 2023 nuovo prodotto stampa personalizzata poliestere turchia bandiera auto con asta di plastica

##########

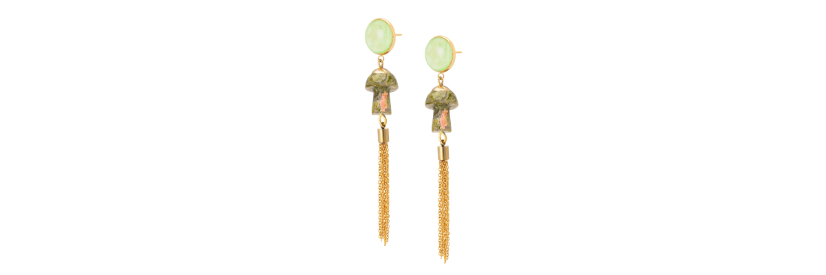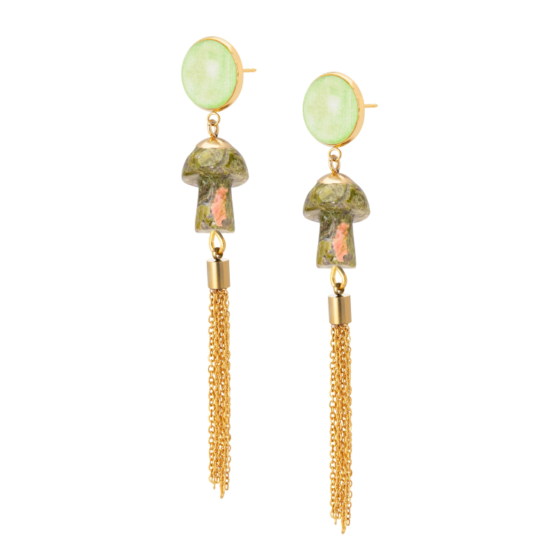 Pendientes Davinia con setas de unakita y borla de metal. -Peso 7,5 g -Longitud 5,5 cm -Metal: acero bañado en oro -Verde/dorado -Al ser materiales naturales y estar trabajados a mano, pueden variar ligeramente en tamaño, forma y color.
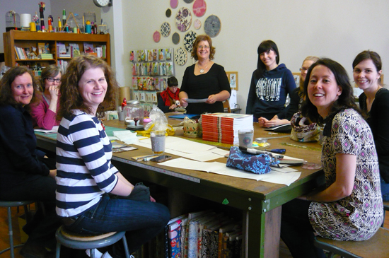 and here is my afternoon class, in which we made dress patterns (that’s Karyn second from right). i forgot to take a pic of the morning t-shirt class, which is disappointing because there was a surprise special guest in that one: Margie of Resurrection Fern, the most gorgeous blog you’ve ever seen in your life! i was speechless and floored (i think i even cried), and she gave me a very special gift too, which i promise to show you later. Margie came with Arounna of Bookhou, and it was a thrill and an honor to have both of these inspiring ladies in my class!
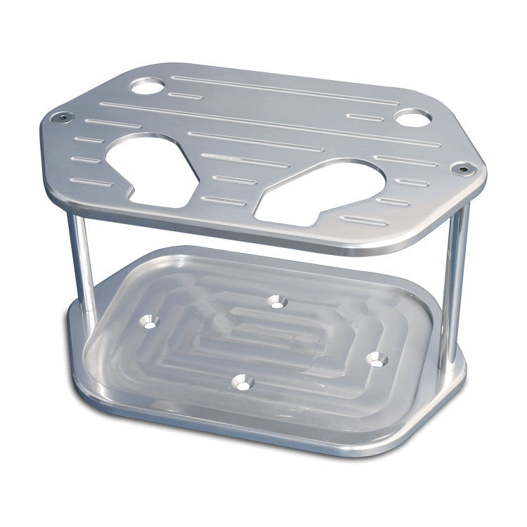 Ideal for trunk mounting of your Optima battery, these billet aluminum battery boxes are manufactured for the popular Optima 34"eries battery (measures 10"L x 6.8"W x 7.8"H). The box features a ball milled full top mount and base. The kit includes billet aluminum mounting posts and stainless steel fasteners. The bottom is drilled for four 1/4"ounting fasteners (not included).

##########

TRY IT:
Your reply is to be an exact repeat of the listing above from the line holding "Pendientes Davinia con" down to the line holding "and here is", ends included, pictures excluded.

ANSWER TO THIS TASK:
 Pendientes Davinia con setas de unakita y borla de metal. -Peso 7,5 g -Longitud 5,5 cm -Metal: acero bañado en oro -Verde/dorado -Al ser materiales naturales y estar trabajados a mano, pueden variar ligeramente en tamaño, forma y color.
 and here is my afternoon class, in which we made dress patterns (that’s Karyn second from right). i forgot to take a pic of the morning t-shirt class, which is disappointing because there was a surprise special guest in that one: Margie of Resurrection Fern, the most gorgeous blog you’ve ever seen in your life! i was speechless and floored (i think i even cried), and she gave me a very special gift too, which i promise to show you later. Margie came with Arounna of Bookhou, and it was a thrill and an honor to have both of these inspiring ladies in my class!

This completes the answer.